For genomes such as viral genomes and bacterial genomes, alignments are important as you can see events such as recombination. This is where a large chunk of the genome has been inserted into a different place.

Here is a genomic diagram which I have constructed using R package genoplotR, using 13 downloaded sequences of SARS-Cov-2, at the bottom including an isolate of SARS-Cov-1 from China, 2003.

genoplotR_and_tree

Here we see a phylogenetic tree of 13 representative sequences of SARS-CoV-2 from different locations in the world (left), with each of their genomes aligned on top of each other (right), with a scale bar of 5 kilobases, that’s 5,000 base pairs. The bottom sequence is from 2003, China outbreak of SARS-Cov-1, and I was interested in how similar these viruses were. Where there is grey matching in the top genomes, this means that they are very similar (>95% similarity), and as you can see, the bottom genome has 3 main sections of difference. It also seems there are two clear lineages of SARS-CoV-2, and an isolated virus from Minnesota appears to be slightly more divergent than the other SARS-CoV-2 sequences, in the 4th line up from the bottom.

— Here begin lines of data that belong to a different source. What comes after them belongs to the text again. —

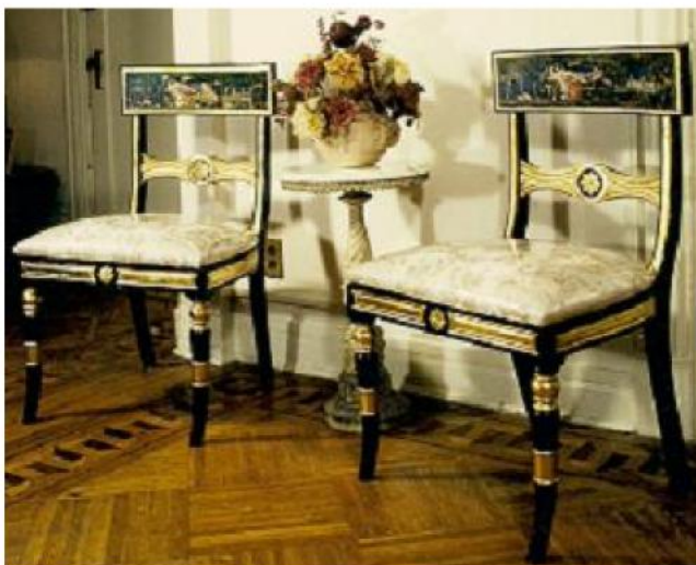
Original oil painting / gilding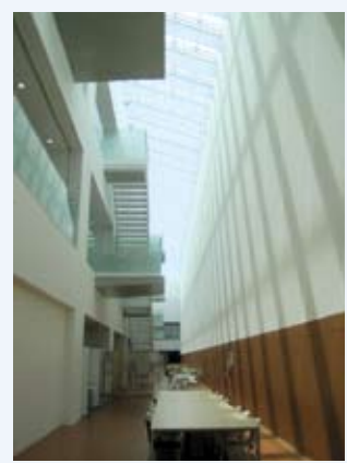
Natural light collection system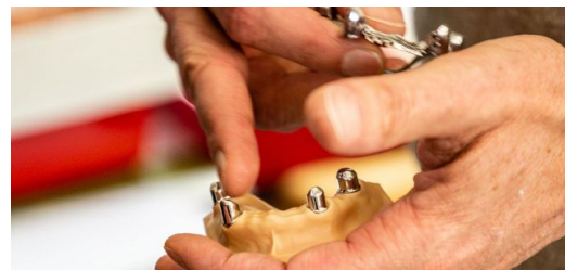
The primary coping (bottom) is cemented to the existing, prepped tooth stumps. The secondary crown, or female part, is connected to splints for the replacement teeth and placed on the primary coping.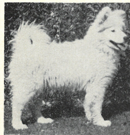
LENSEN OF SNOWLAND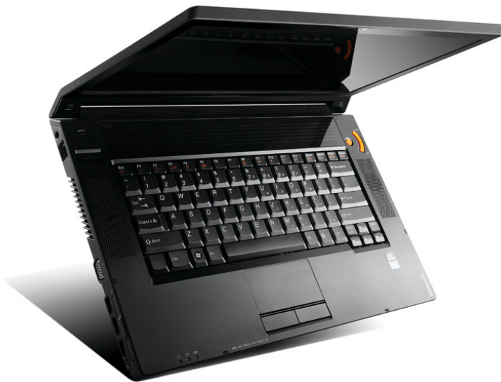
Lenovo IdeaPad Y530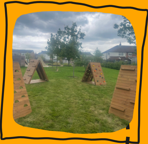
CLIMBING WALLS & SOCIAL SPACES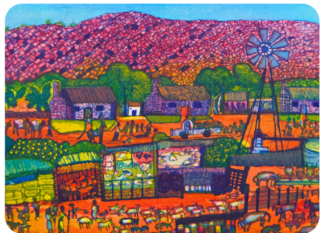
Ration Day at Urrampinyi (Tempe Downs) (2024) by Selma Coulthard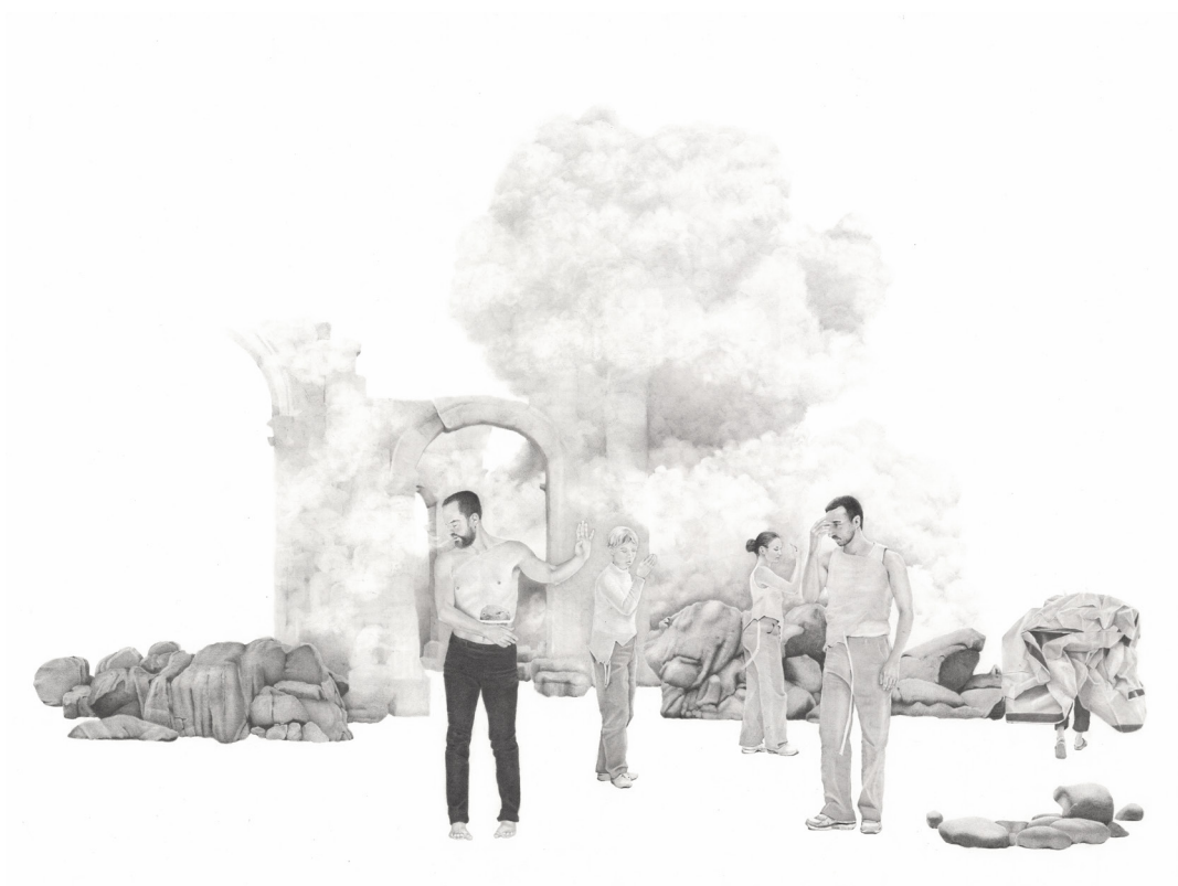
Anne TOUQUET - Derrière les paupières, un souffle - 2026 - Graphite on paper - 50 x 75,5 cm Signed and dated on the back

Anne Touquet's drawings are imbued with a fascination for ruins and the fragility of things. And we, like astonished archaeologists, are invited to observe these enigmatic remnants of the past that hover midway between reality and dream – faces of statues, weather-worn and patched with lichen; decorative fragments, centuries old; petrified flesh engaged in strange rituals, frozen in time.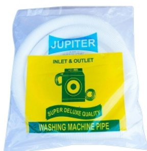
Washing Machine Outlet Pipe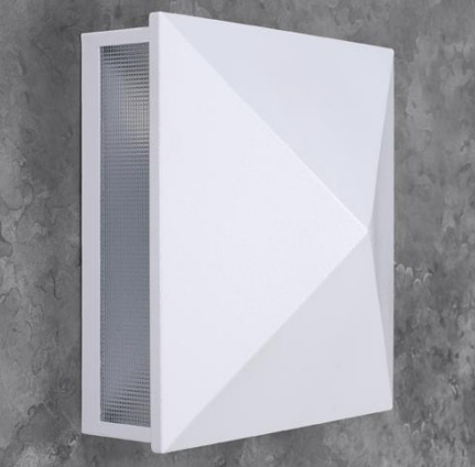
Textured White Finish Shown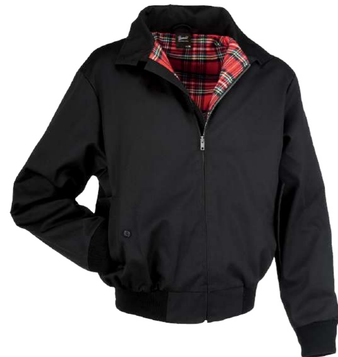
COLOR | 11002 · black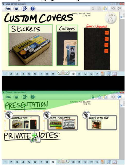
Fig. 7. Previewing a page link with the screens in landscape orientation. Selecting a link on the bottom page previews the linked page on the top screen.

The user can create a hyperlink to any page of their notes by dragging a page tab (the numbered tabs at the bottom of each screen) onto the drawing canvas. This creates a round hyperlink icon, with a thumbnail of the linked page attached to it. Stroking down on the icon opens the link and navigates to the page on the opposite face of the Codex. In collaborative postures, page links open on the same face.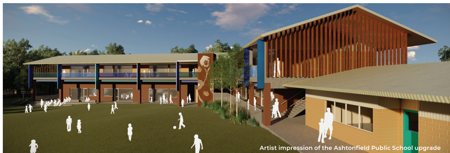
Artist impression of the Ashtonfield Public School upgrade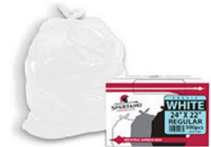
White Garbage Bags Of All Sizes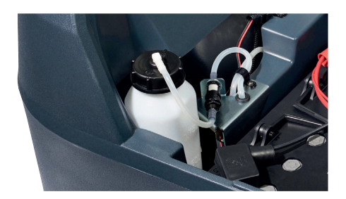
Optional detergent mixing system (allows for flexible detergent setting or water only cleaning).

Hospitals and Healtcare Facilities Grocery Stores Restaurants Convenience Stores Restaurants Retail Outlets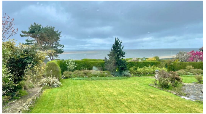
VIEW FROM LOUNGE

N.B. The garden seen here belongs to the house next door and is not part of the property.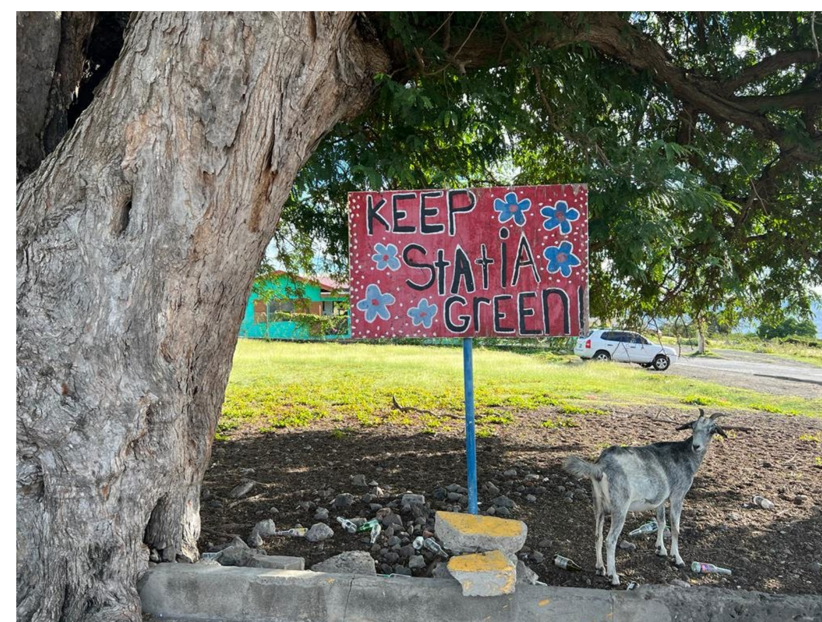
Figure 3. Free roaming animals.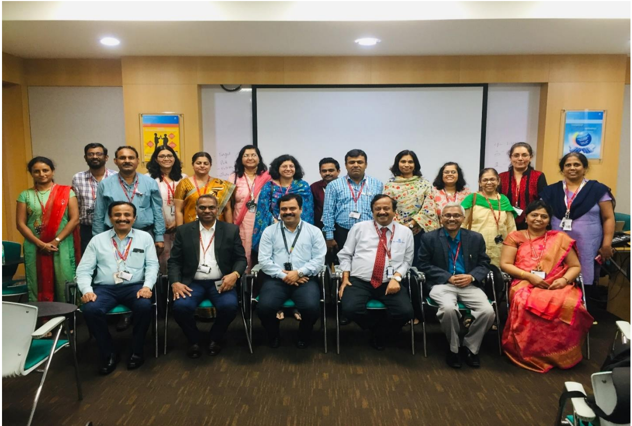
TCS leadership Programme on 9 th September 2019, Monday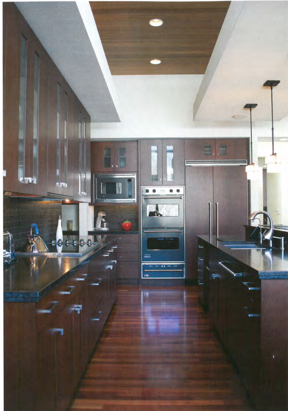
↑ A stunning kitchen features honed granite countertops and matching backsplash, a multilevel island, warm cherry cabinetry with glass inserts and brushed nickel hardware. High-end gray Viking appliances and a nearby breakfast nook complete this sensational space.

in harmony with the primary feature of our landscape," he explains. "The stone was chosen and laid in a manner that accentuates this theme."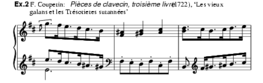
Ex.2 F. Couperin: Pièces de clavecin, troisième livre (1722), 'Les vieux galans et les Trésorieres suranées'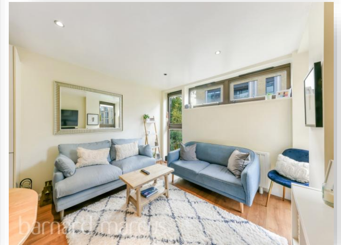
Carter House Petergate, London SW11 2BF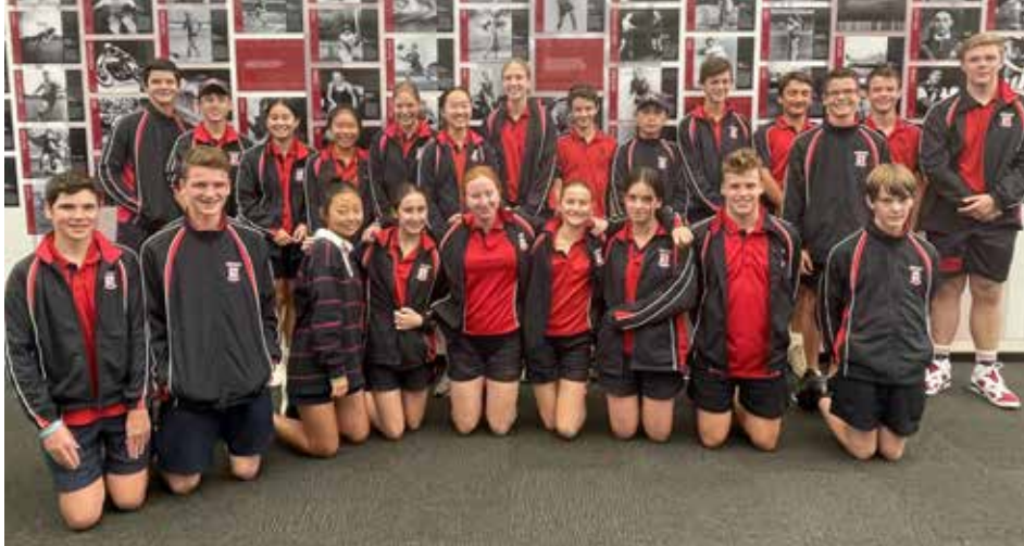
The Northholm Science and Engineering Competition team.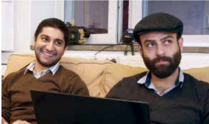
Students working in their team, Integrated Product Development.

to create an effective team. To make the team as effective as possible, all roles should be taken. However, one team member can have more than one role and an effective team should have at least four or five members. (24)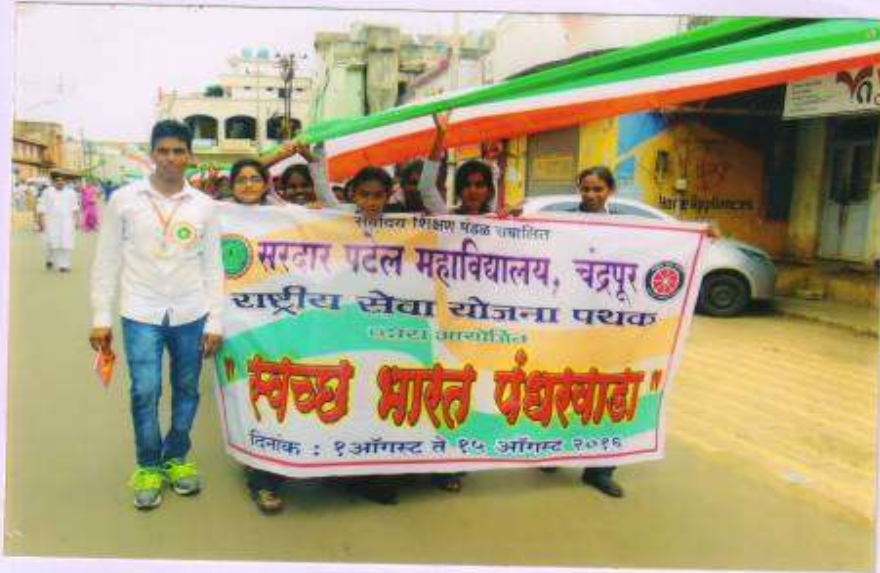
१५ ऑगस्ट २०१६ ला तिरंगा रॅलीत सहभाग घेतलेले राष्ट्रीय सेवा योजनेचे विद्यार्थी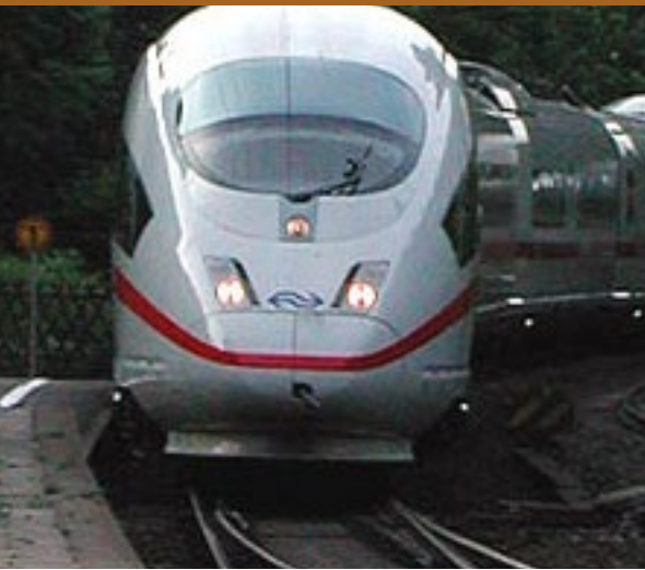
A Deutsche Bahn Train, Clean and Ready to Go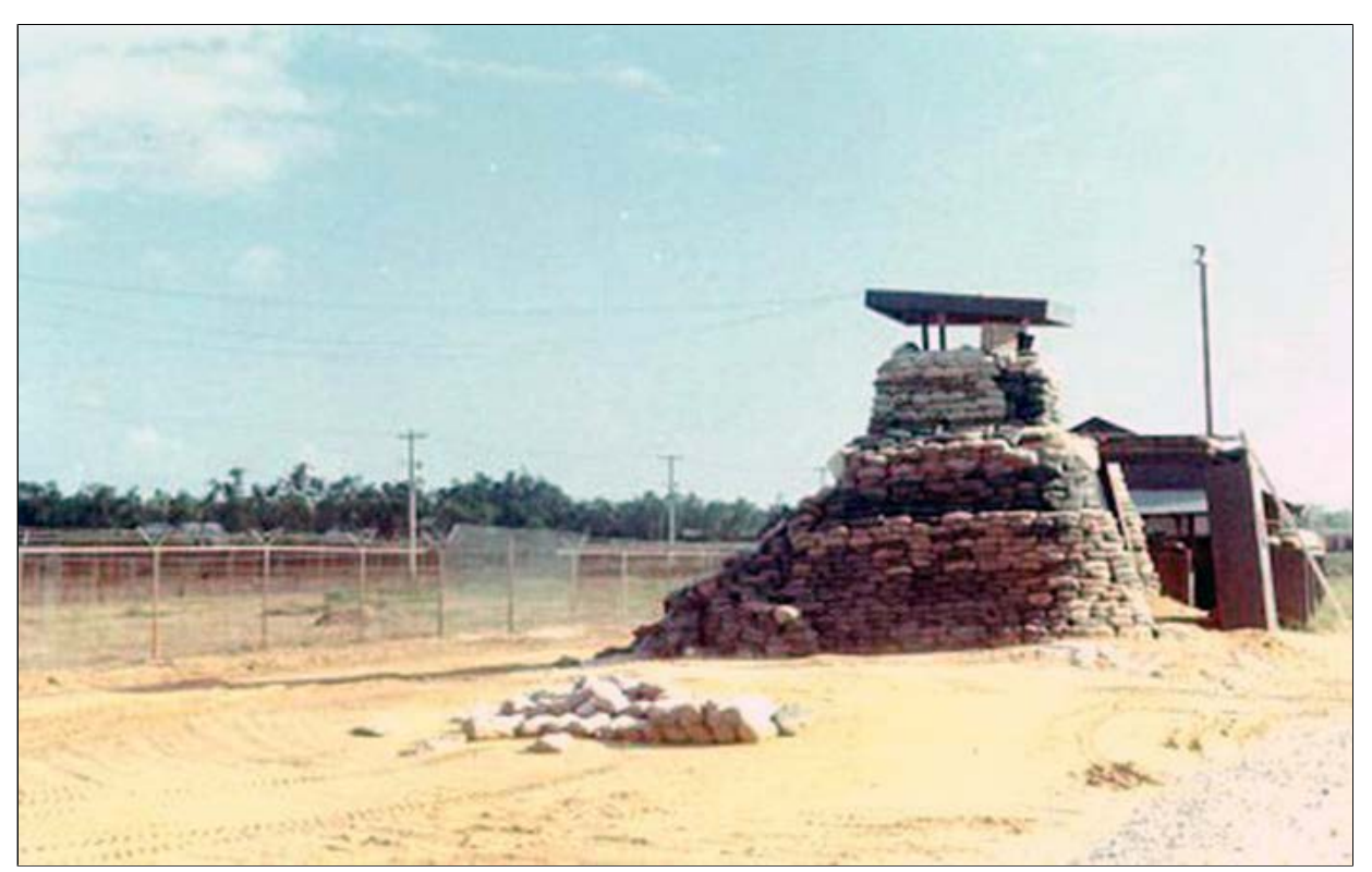
1. Đà Nàng AB: SP Tower-Bunker post on the Perimeter, by Camp Đà Nàng, which later became known as Gunfighter Village. Spooky used to have nightly workouts in the treeline in the background of this picture. Photo by Vernon Hodge, 1968.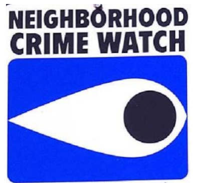
We immediately report all SUSPICIOUS PERSONS and activities to our Police Dept.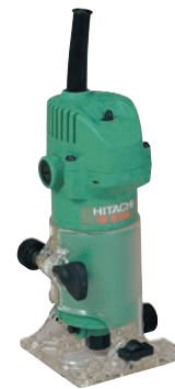
M6SB 6mm Trimmer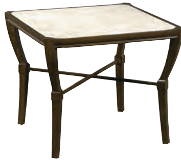
D12-85-1 Side Table Andalusia Collection W 24 D 24 H 20 Powder Coated Aluminum Frame finish Cordoba

Custom frame finishes available D12-83-9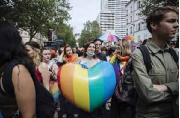
FILE - A participant holds a rainbow heart during the annual Gay Pride march in Paris, June 26, 2021. The National Assembly approved a new law unanimously Tuesday Jan. 25, 2022 evening, putting into law new measures that ban so-called conversion therapies and authorize jail time and fines for practitioners who use the scientifically discredited practice to attempt to change the sexual orientation or gender identity of LGBTQ people. The legislation includes criminal penalties for people who are convicted of trying to "convert" LGBTQ people to heterosexuality or traditional gender expectations

The French government's equalities and diversity minister, Elisabeth Moreno, described so-called conversion therapies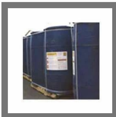
Nonyl Phenol Ethoxylate 9.5 Mol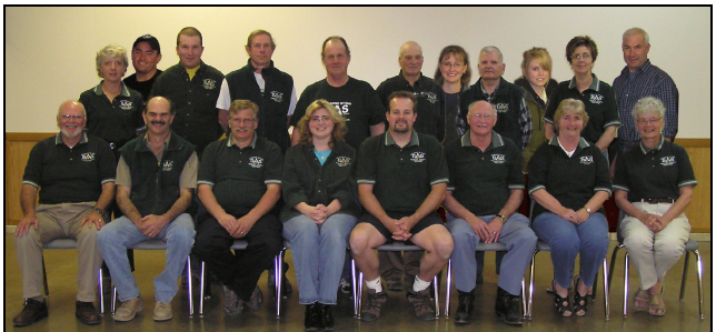
Our 2008 Directors

Please get in touch with the office, or a current member... you won't regret it! 😊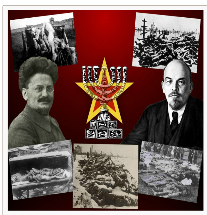
Death and destruction -- the legacy of Jewish Communism!

"After coming to power, Trotsky became Lenin's right-hand man. It was actually Trotsky who ruled Russia during Lenin's illness. He mercilessly caused the people suffering of a magnitude the world had never seen before. In the beginning Trotsky wanted to use the guillotine to execute people, but was scolded for this idea.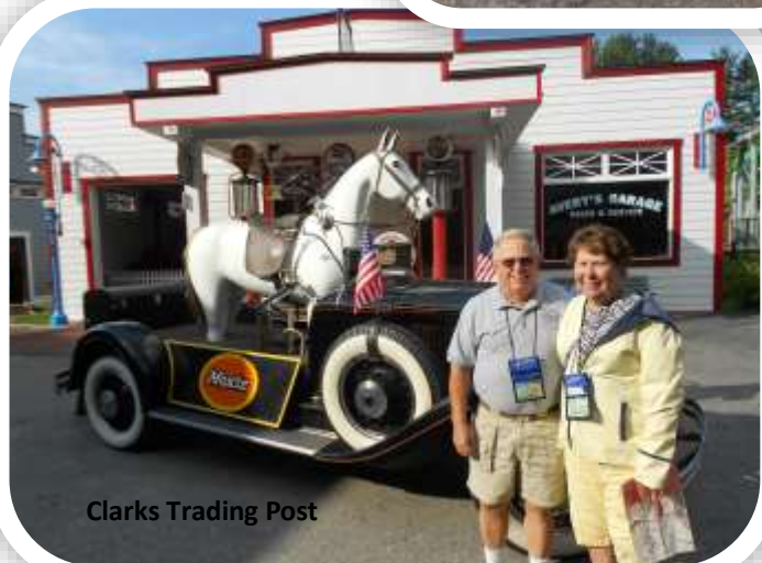
Clarks Trading Post

We definitely recommend taking an AACA tour or even a Glidden tour.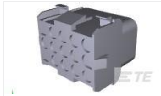
TE Part #926647-2 15P UN-MNL AUFN-GEH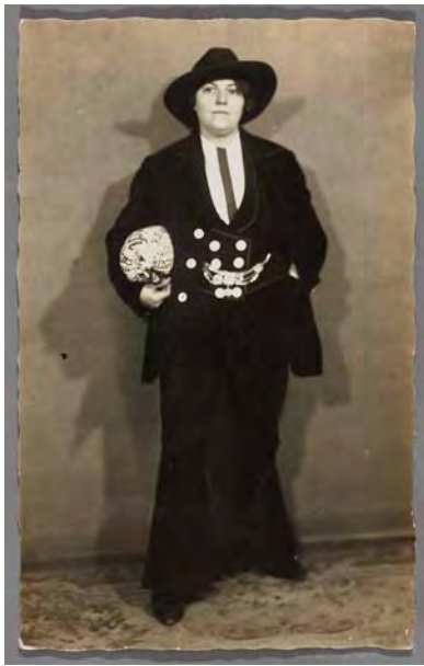
21 Woman dressed in a journeyman's uniform with a travel bundle, Cologne, dated "Carnival 1929", silver gelatine print

An exhibition of the Deutsches Historisches Museum 8 May 2026 to 31 October 2027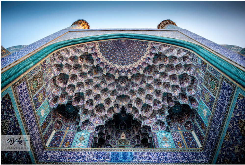
Imam Mosque entrance, 1629, Esfahan, Iran

“In Iran, the level of craftsmanship is extraordinary. The tile is not only hand-made, hand-cut and hand-painted but also it has to fit into these incredibly complex geometries that are also symmetric. The mathematics and the engineering--its incredible.” Coming from our knowledge of churches in the West, he was also fascinated by how minimal the interior of the mosques are. “There’s really nothing to them other than the space--not like a Western church where its glorified with statues and relics of saints. They are just simple spaces meant for prayer.”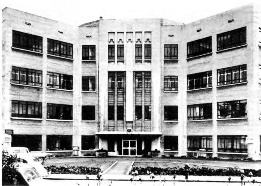
Saint Joseph's Hospital - from Collinson Street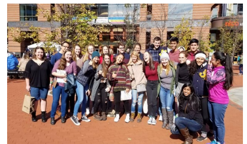
English Students Enjoy The Dodge Poetry Festival at the NJPAC in Newark.

Students in Mrs. Gutwerk's English class are participating in a book tasting. This day is set for students to get a sample of the choice books that will be selected for the socratic book circles. Student's had the opportunity to evaluate the cover, read the summary, read the 1st few pages and then access amazon reviews about each book. Students will use this information to make a choice that interests them. Students will then work collaboratively in literature circles discussing their books.

So just from the assemblies we can see that it has a fairly small genome, 30kb, which, for example, is 100 times less than a Salmonella genome (4Mb), or 200,000 times smaller than the human genome (6Gb). Similarly we can assess how different this virus is from that which was epidemic in China in 2003.

This suggests that a section of the first coding sequence, which is a large coding sequence encoding multiple proteins, is quite different in SARS-Cov-2, as with the start of the surface glycoprotein. This is interesting as the surface glycoproteins are usually used for mechanisms such as attachment to the outside of human cells, so we can infer that perhaps these two viruses have different capabilities (phenotypes) in this aspect. Also we can see a protein toward the right end of SARS-Cov-2 that is not present in SARS-Cov-1

We can similarly infer the distance of these different genomes by looking at how many single nucleotide changes (known as SNPs, for Single Nucleotide Polymorphisms) there are, so here is a distance matrix:

distance matrix

The left shows a squashed version of the phylogenetic tree, to put them in an order of relatedness. Here, the darker the colour in each square, the more distantly related the genomes are. So we can see that SARS-Cov-1 is very different to SARS-Cov-2, over 5000 SNPs different, which means that 1/6th of its genome has a different DNA sequence. Again, we see this isolate from Minnesota seems to be slightly more divergent than the other isolates of SARS-CoV-2.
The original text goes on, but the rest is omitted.